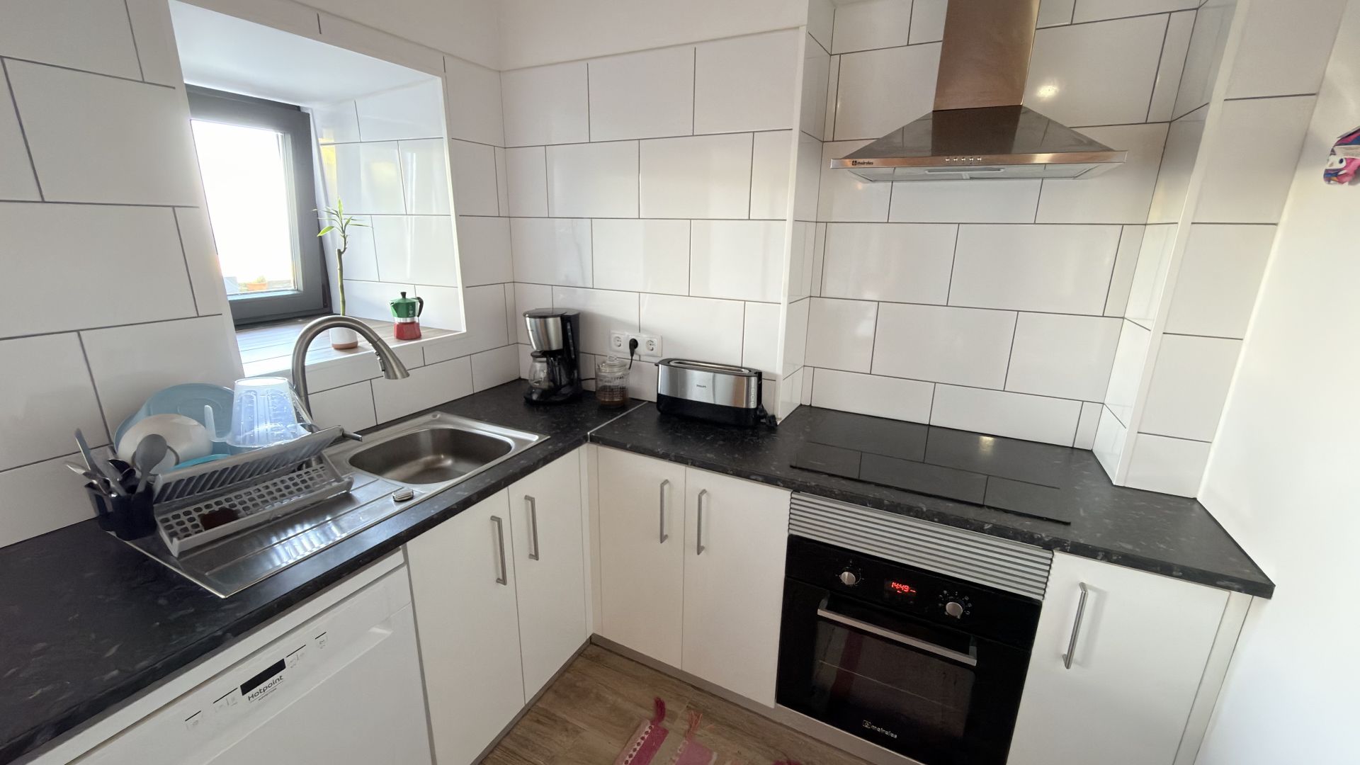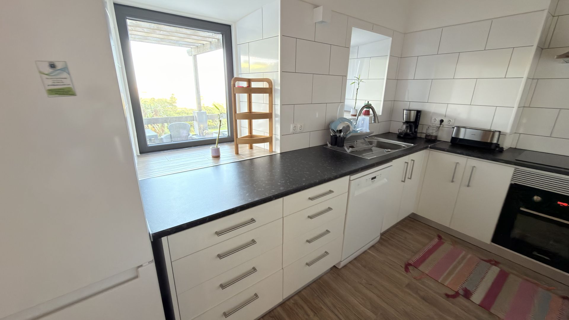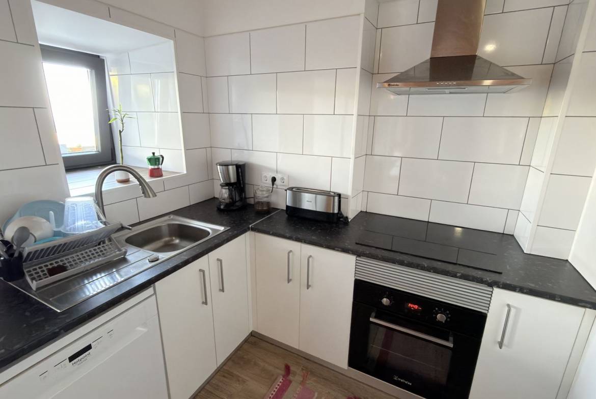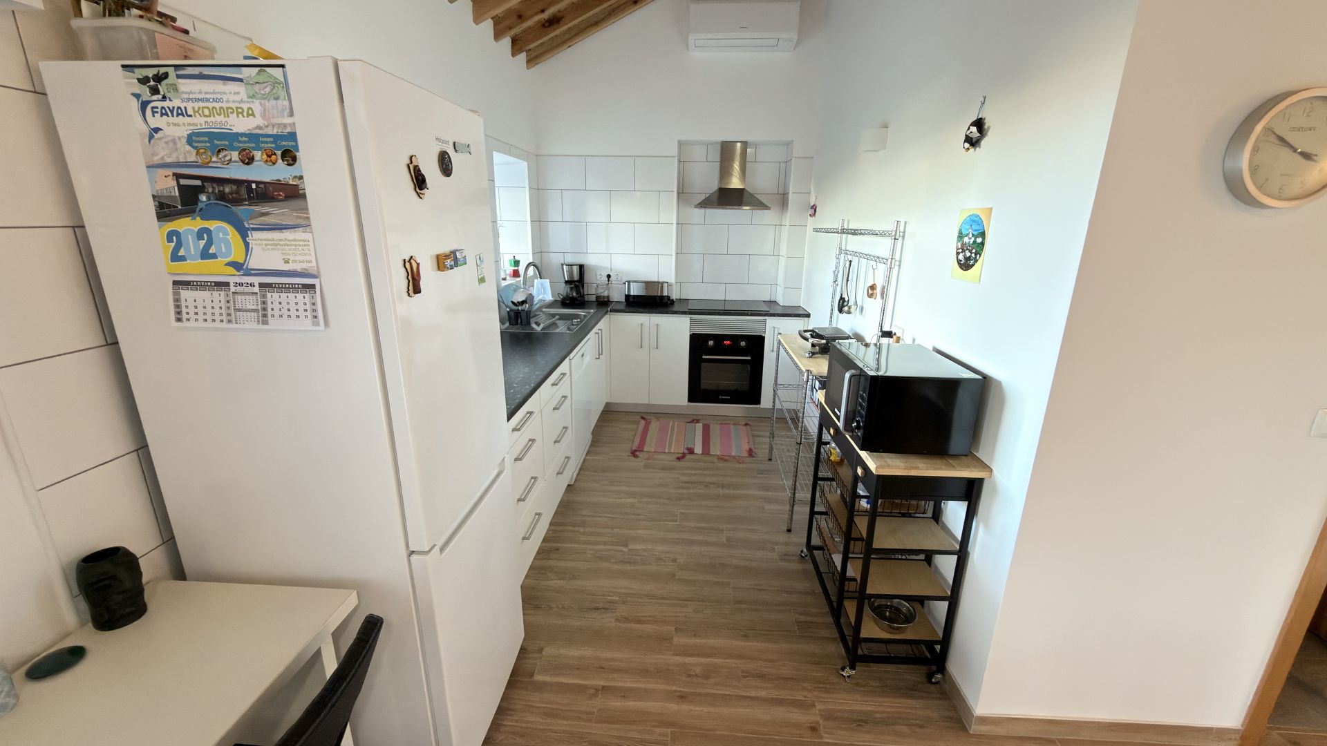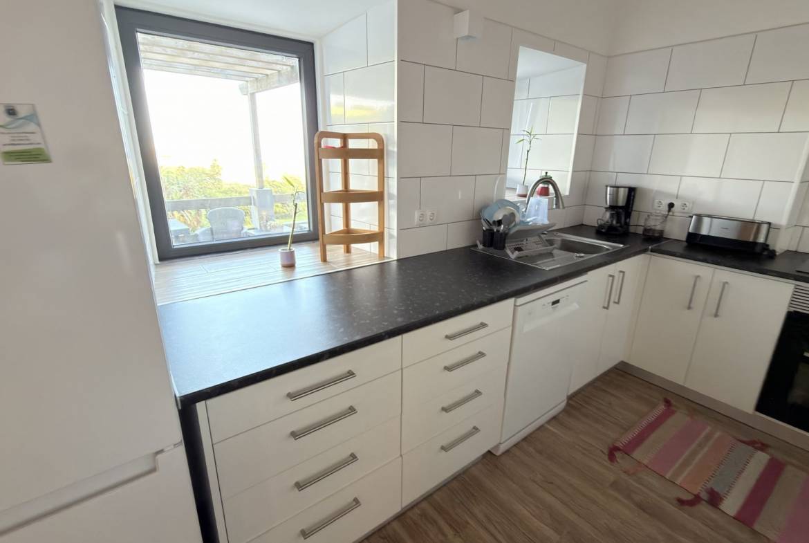 - Uma cozinha moderna e totalmente equipada com electrodomésticos elegantes.
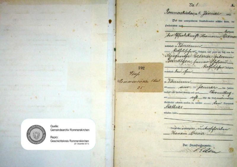"Standesamtregister aus dem Gemeindearchiv Rommerskirchen"
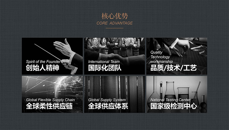 大楊集團堅持自主創(chuàng)新,聘請意大利、日本、美國等資深專家,組建具備世界領先水平的技術研發(fā)團隊,尤其是自主研發(fā)的全毛芯、全手縫等多項核心技術,確立了企業(yè)在世界服裝行業(yè)的領先地位。目前,大楊集團擁有6家高新技術企業(yè),1家瞪羚企業(yè)、2家專精特新企業(yè)和1個國家級工業(yè)設計中心,1個省級企業(yè)技術中心,1個市級科技創(chuàng)新服務機構(gòu),是中國服裝產(chǎn)品創(chuàng)新基地、遼寧省標準化示范基地。旗下遼寧科諾檢驗檢測中心,已躋身國家中小企業(yè)公共服務示范平臺,獲得CNAS國家實驗室認可、CMA資質(zhì)認定,是全國紡織品標準化技術委員會“紡織標準驗證實驗室”,擁有500余項紡織類檢測標準能力,已累計主持或參與制定國家標準,以及制定各類企業(yè)標準30多項。
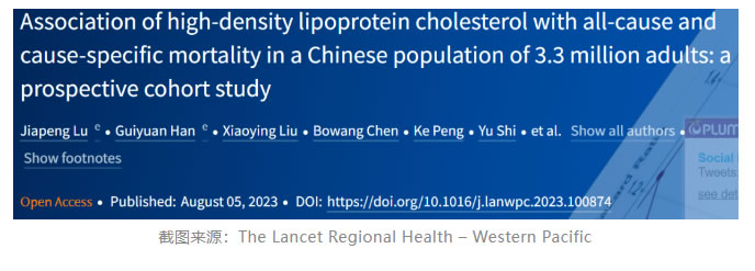 近期發(fā)表于The Lancet Regional Health – Western Pacific的一項研究,旨在全面評估中國人群中HDL-C與全因死亡率和病因特異性死亡率的關(guān)系,并評估高HDL-C對比低HDL-C的死亡率,從而為人群層面的HDL-C管理策略提供新的知識和深入的見解。
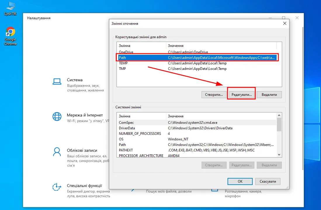 Також для зручності варто додати шлях до сервера у змінну оточення Windows:
===============
Activity. Repeat the material exactly, without images.

Completed exercise.
 - Uma cozinha moderna e totalmente equipada com electrodomésticos elegantes.
"Standesamtregister aus dem Gemeindearchiv Rommerskirchen"
 大楊集團堅持自主創(chuàng)新,聘請意大利、日本、美國等資深專家,組建具備世界領先水平的技術研發(fā)團隊,尤其是自主研發(fā)的全毛芯、全手縫等多項核心技術,確立了企業(yè)在世界服裝行業(yè)的領先地位。目前,大楊集團擁有6家高新技術企業(yè),1家瞪羚企業(yè)、2家專精特新企業(yè)和1個國家級工業(yè)設計中心,1個省級企業(yè)技術中心,1個市級科技創(chuàng)新服務機構(gòu),是中國服裝產(chǎn)品創(chuàng)新基地、遼寧省標準化示范基地。旗下遼寧科諾檢驗檢測中心,已躋身國家中小企業(yè)公共服務示范平臺,獲得CNAS國家實驗室認可、CMA資質(zhì)認定,是全國紡織品標準化技術委員會“紡織標準驗證實驗室”,擁有500余項紡織類檢測標準能力,已累計主持或參與制定國家標準,以及制定各類企業(yè)標準30多項。
 近期發(fā)表于The Lancet Regional Health – Western Pacific的一項研究,旨在全面評估中國人群中HDL-C與全因死亡率和病因特異性死亡率的關(guān)系,并評估高HDL-C對比低HDL-C的死亡率,從而為人群層面的HDL-C管理策略提供新的知識和深入的見解。
 Також для зручності варто додати шлях до сервера у змінну оточення Windows:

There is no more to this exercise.